#### What to work on:
None of the images should appear in your copy. Transcribe the data in full.

(Beginning of The input)

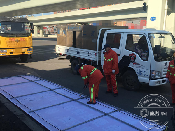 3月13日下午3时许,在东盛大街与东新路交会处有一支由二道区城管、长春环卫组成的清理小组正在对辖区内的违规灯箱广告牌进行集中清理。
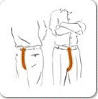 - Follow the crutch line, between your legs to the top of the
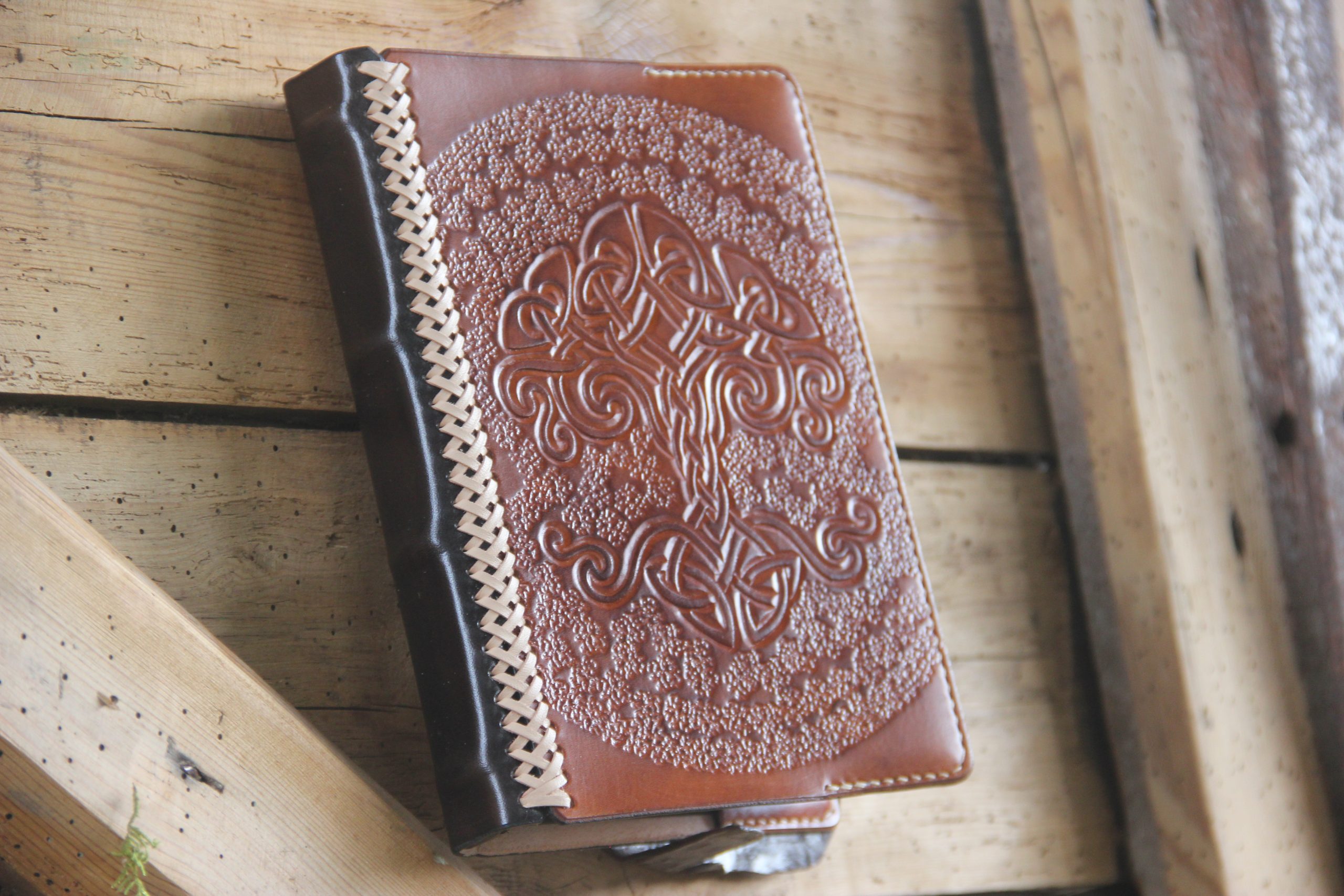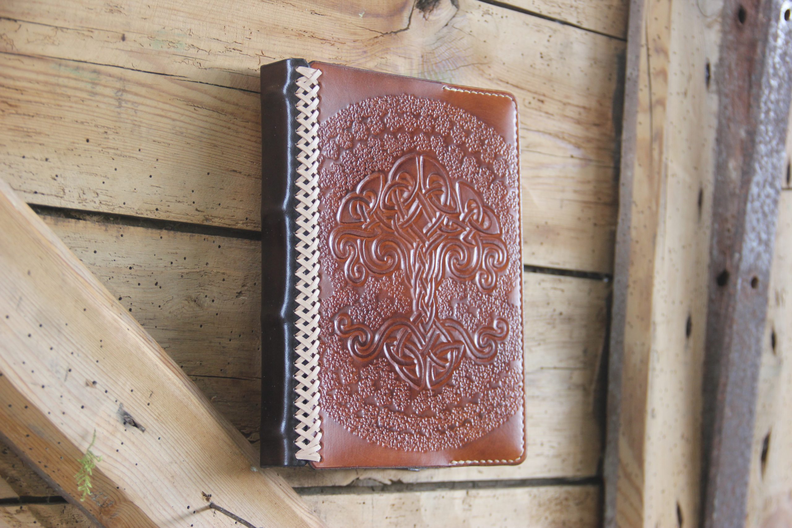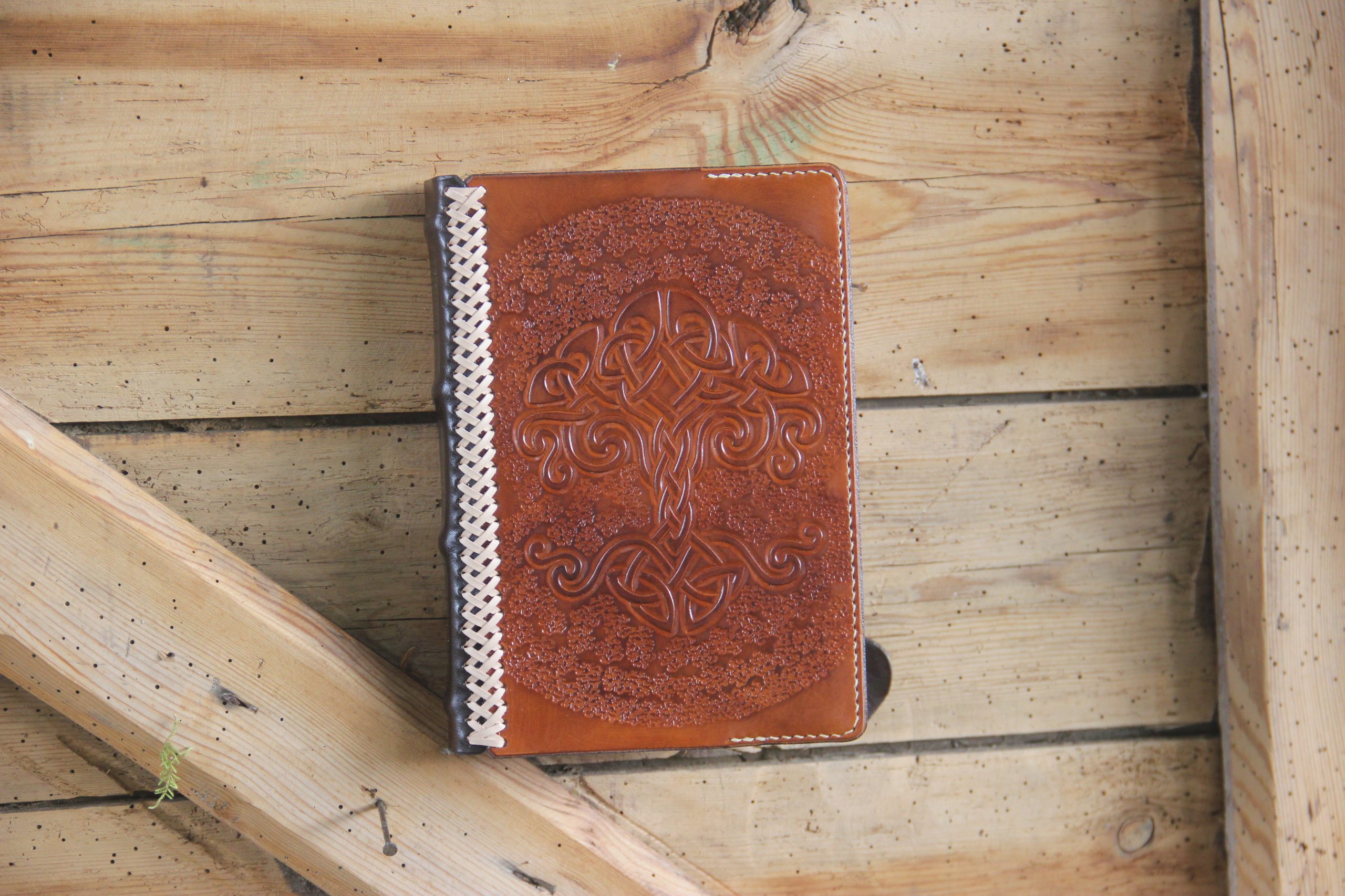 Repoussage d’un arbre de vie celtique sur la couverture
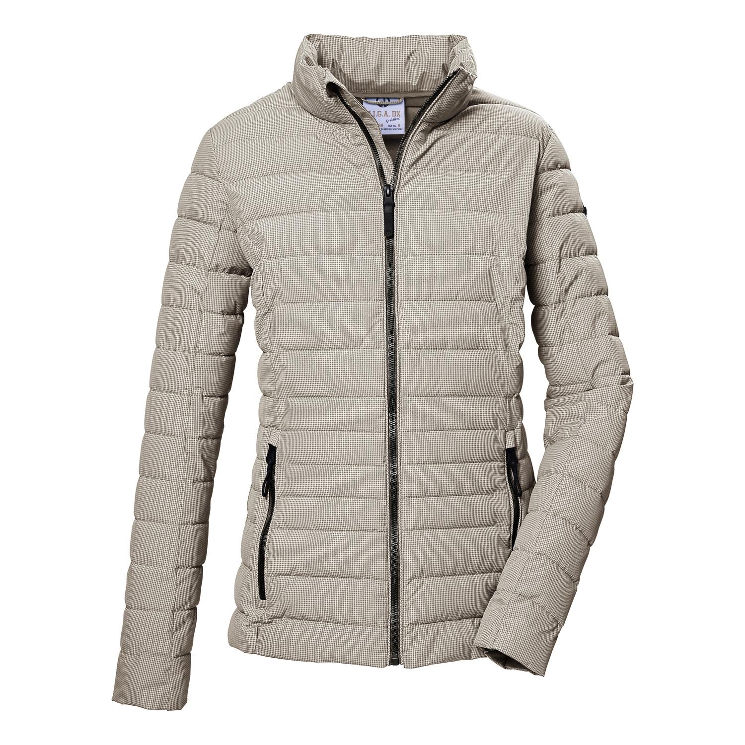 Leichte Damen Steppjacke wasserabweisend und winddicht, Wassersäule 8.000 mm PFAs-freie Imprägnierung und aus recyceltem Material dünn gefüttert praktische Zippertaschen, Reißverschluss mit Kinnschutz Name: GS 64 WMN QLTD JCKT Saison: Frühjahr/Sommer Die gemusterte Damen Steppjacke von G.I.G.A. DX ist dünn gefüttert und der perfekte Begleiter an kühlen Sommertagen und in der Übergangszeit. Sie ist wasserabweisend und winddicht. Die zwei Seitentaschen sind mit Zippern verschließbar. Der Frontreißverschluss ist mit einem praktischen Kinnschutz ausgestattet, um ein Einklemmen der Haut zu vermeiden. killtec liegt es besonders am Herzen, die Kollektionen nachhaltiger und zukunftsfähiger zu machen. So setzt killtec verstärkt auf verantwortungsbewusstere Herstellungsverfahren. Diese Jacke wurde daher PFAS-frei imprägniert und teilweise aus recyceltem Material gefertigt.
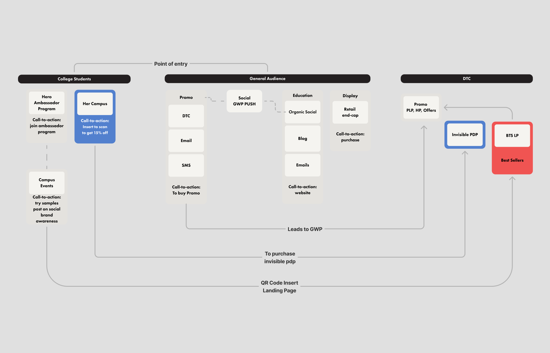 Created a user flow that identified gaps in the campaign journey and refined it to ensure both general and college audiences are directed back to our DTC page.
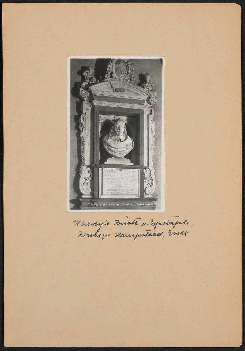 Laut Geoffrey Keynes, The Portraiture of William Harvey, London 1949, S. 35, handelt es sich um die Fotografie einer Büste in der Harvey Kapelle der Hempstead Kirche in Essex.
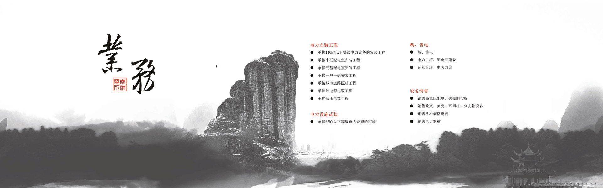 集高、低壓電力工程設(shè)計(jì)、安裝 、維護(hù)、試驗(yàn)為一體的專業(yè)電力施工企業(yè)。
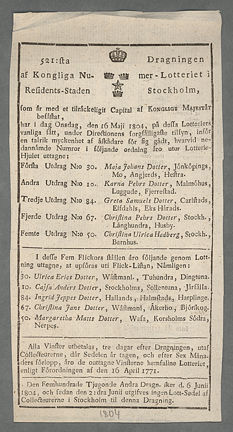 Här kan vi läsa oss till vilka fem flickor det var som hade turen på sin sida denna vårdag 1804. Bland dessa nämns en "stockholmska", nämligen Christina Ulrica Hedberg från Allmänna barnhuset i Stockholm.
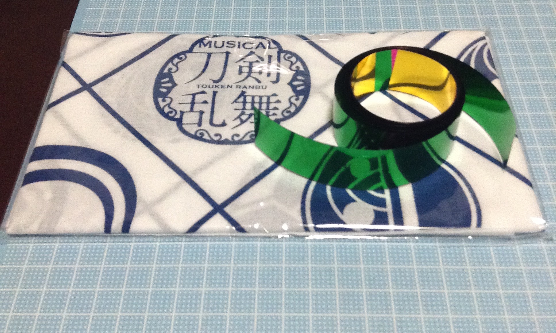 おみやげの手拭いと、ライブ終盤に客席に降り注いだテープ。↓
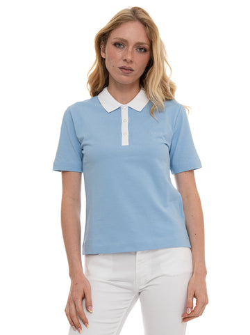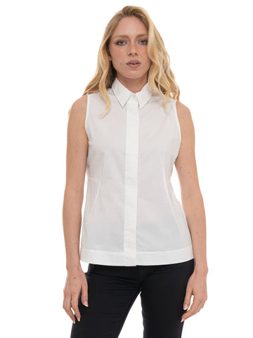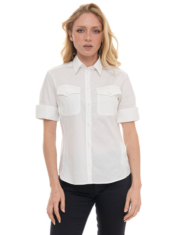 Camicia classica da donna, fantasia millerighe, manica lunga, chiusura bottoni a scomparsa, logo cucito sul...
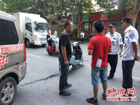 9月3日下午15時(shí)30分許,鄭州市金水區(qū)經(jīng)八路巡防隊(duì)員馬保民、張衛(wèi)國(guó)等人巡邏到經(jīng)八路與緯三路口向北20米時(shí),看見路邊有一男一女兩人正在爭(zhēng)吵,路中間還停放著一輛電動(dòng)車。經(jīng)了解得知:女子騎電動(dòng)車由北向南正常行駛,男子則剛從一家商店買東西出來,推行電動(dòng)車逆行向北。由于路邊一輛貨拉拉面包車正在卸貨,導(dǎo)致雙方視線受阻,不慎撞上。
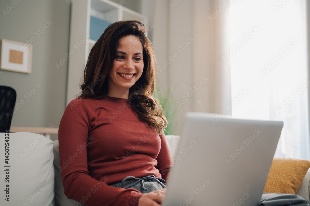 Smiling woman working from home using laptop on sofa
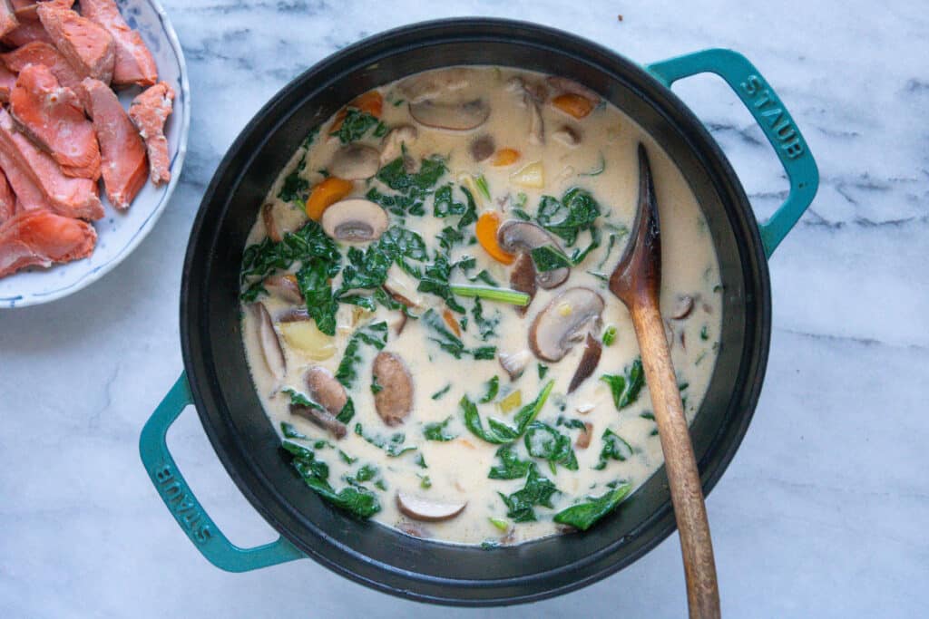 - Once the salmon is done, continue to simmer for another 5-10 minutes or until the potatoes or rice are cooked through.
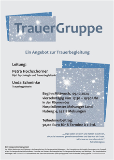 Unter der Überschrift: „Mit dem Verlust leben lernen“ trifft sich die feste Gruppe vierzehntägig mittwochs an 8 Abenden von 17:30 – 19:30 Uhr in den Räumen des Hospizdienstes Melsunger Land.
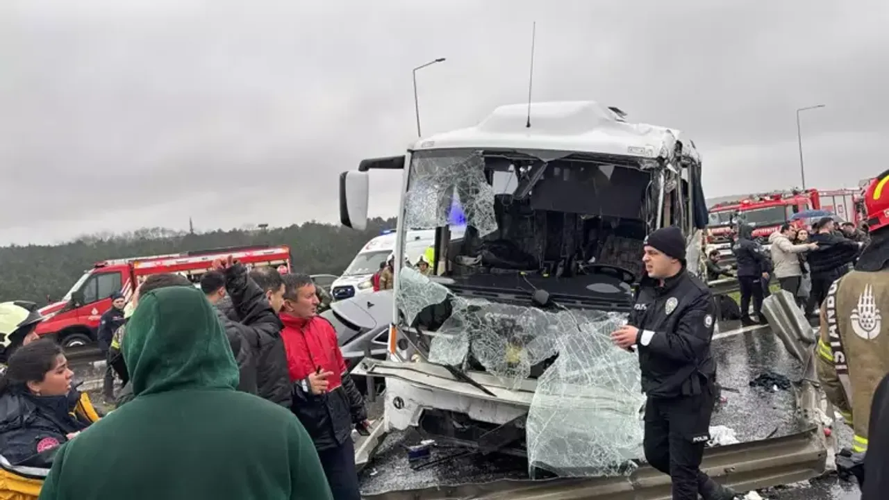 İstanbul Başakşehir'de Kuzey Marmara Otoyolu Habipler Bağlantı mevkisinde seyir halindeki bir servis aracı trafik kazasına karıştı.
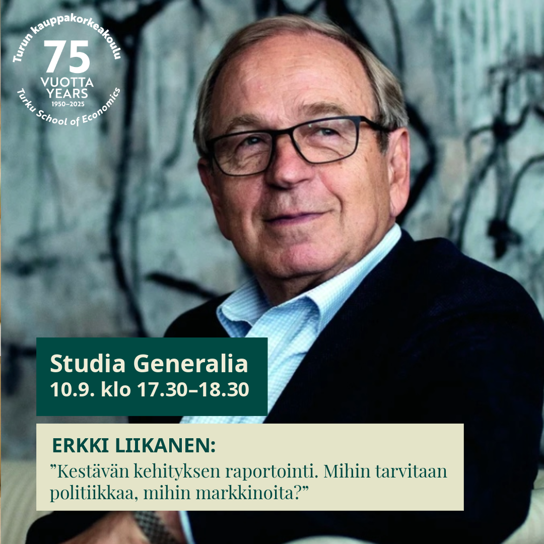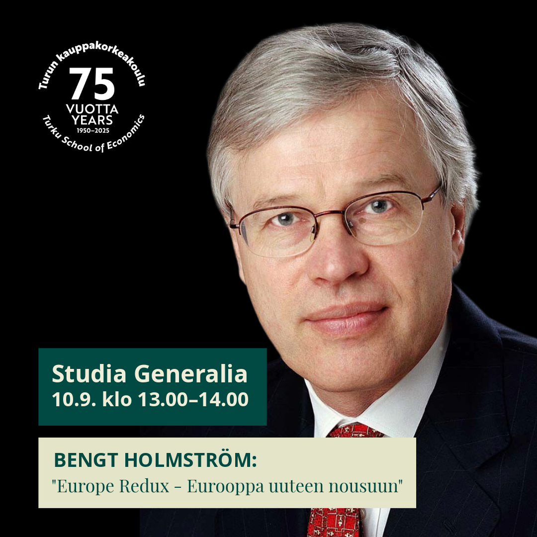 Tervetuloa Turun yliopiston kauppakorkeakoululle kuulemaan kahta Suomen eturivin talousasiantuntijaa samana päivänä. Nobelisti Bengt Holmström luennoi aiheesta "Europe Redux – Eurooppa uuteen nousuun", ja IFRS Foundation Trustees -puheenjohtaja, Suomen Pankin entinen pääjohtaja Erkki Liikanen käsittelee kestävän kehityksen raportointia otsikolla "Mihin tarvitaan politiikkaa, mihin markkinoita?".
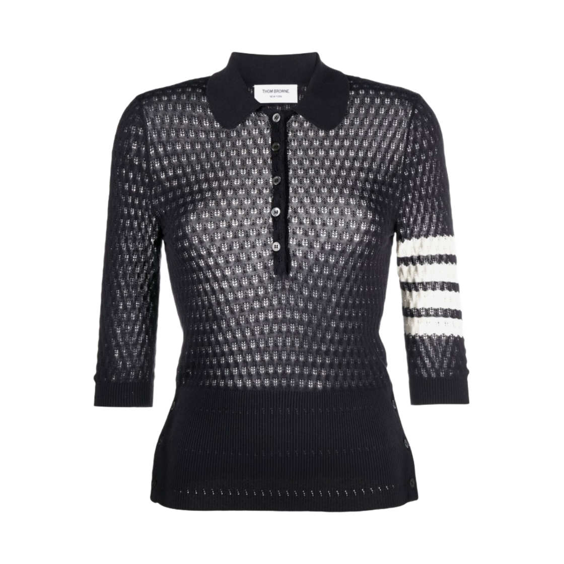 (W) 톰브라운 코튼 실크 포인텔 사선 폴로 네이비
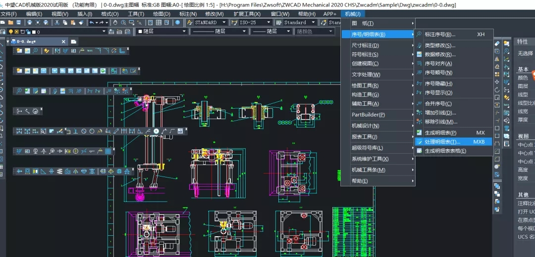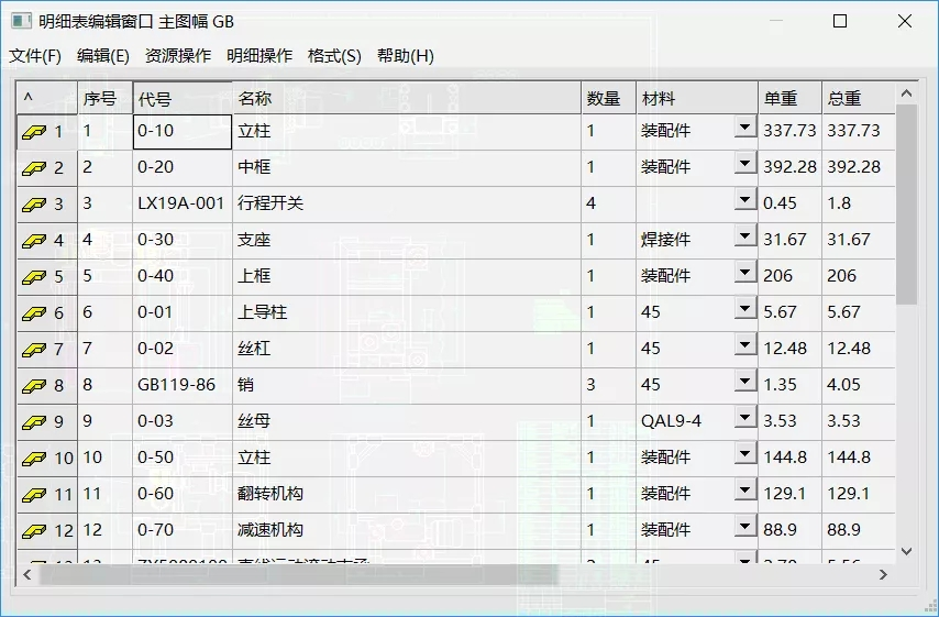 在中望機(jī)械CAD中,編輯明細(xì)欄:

(End of The input)

#### Result:
 3月13日下午3时许,在东盛大街与东新路交会处有一支由二道区城管、长春环卫组成的清理小组正在对辖区内的违规灯箱广告牌进行集中清理。
 - Follow the crutch line, between your legs to the top of the
 Repoussage d’un arbre de vie celtique sur la couverture
 Leichte Damen Steppjacke wasserabweisend und winddicht, Wassersäule 8.000 mm PFAs-freie Imprägnierung und aus recyceltem Material dünn gefüttert praktische Zippertaschen, Reißverschluss mit Kinnschutz Name: GS 64 WMN QLTD JCKT Saison: Frühjahr/Sommer Die gemusterte Damen Steppjacke von G.I.G.A. DX ist dünn gefüttert und der perfekte Begleiter an kühlen Sommertagen und in der Übergangszeit. Sie ist wasserabweisend und winddicht. Die zwei Seitentaschen sind mit Zippern verschließbar. Der Frontreißverschluss ist mit einem praktischen Kinnschutz ausgestattet, um ein Einklemmen der Haut zu vermeiden. killtec liegt es besonders am Herzen, die Kollektionen nachhaltiger und zukunftsfähiger zu machen. So setzt killtec verstärkt auf verantwortungsbewusstere Herstellungsverfahren. Diese Jacke wurde daher PFAS-frei imprägniert und teilweise aus recyceltem Material gefertigt.
 Created a user flow that identified gaps in the campaign journey and refined it to ensure both general and college audiences are directed back to our DTC page.
 Laut Geoffrey Keynes, The Portraiture of William Harvey, London 1949, S. 35, handelt es sich um die Fotografie einer Büste in der Harvey Kapelle der Hempstead Kirche in Essex.
 集高、低壓電力工程設(shè)計(jì)、安裝 、維護(hù)、試驗(yàn)為一體的專業(yè)電力施工企業(yè)。
 Här kan vi läsa oss till vilka fem flickor det var som hade turen på sin sida denna vårdag 1804. Bland dessa nämns en "stockholmska", nämligen Christina Ulrica Hedberg från Allmänna barnhuset i Stockholm.
 おみやげの手拭いと、ライブ終盤に客席に降り注いだテープ。↓
 Camicia classica da donna, fantasia millerighe, manica lunga, chiusura bottoni a scomparsa, logo cucito sul...
 9月3日下午15時(shí)30分許,鄭州市金水區(qū)經(jīng)八路巡防隊(duì)員馬保民、張衛(wèi)國(guó)等人巡邏到經(jīng)八路與緯三路口向北20米時(shí),看見路邊有一男一女兩人正在爭(zhēng)吵,路中間還停放著一輛電動(dòng)車。經(jīng)了解得知:女子騎電動(dòng)車由北向南正常行駛,男子則剛從一家商店買東西出來,推行電動(dòng)車逆行向北。由于路邊一輛貨拉拉面包車正在卸貨,導(dǎo)致雙方視線受阻,不慎撞上。
 Smiling woman working from home using laptop on sofa
 - Once the salmon is done, continue to simmer for another 5-10 minutes or until the potatoes or rice are cooked through.
 Unter der Überschrift: „Mit dem Verlust leben lernen“ trifft sich die feste Gruppe vierzehntägig mittwochs an 8 Abenden von 17:30 – 19:30 Uhr in den Räumen des Hospizdienstes Melsunger Land.
 İstanbul Başakşehir'de Kuzey Marmara Otoyolu Habipler Bağlantı mevkisinde seyir halindeki bir servis aracı trafik kazasına karıştı.
 Tervetuloa Turun yliopiston kauppakorkeakoululle kuulemaan kahta Suomen eturivin talousasiantuntijaa samana päivänä. Nobelisti Bengt Holmström luennoi aiheesta "Europe Redux – Eurooppa uuteen nousuun", ja IFRS Foundation Trustees -puheenjohtaja, Suomen Pankin entinen pääjohtaja Erkki Liikanen käsittelee kestävän kehityksen raportointia otsikolla "Mihin tarvitaan politiikkaa, mihin markkinoita?".
 (W) 톰브라운 코튼 실크 포인텔 사선 폴로 네이비
 在中望機(jī)械CAD中,編輯明細(xì)欄:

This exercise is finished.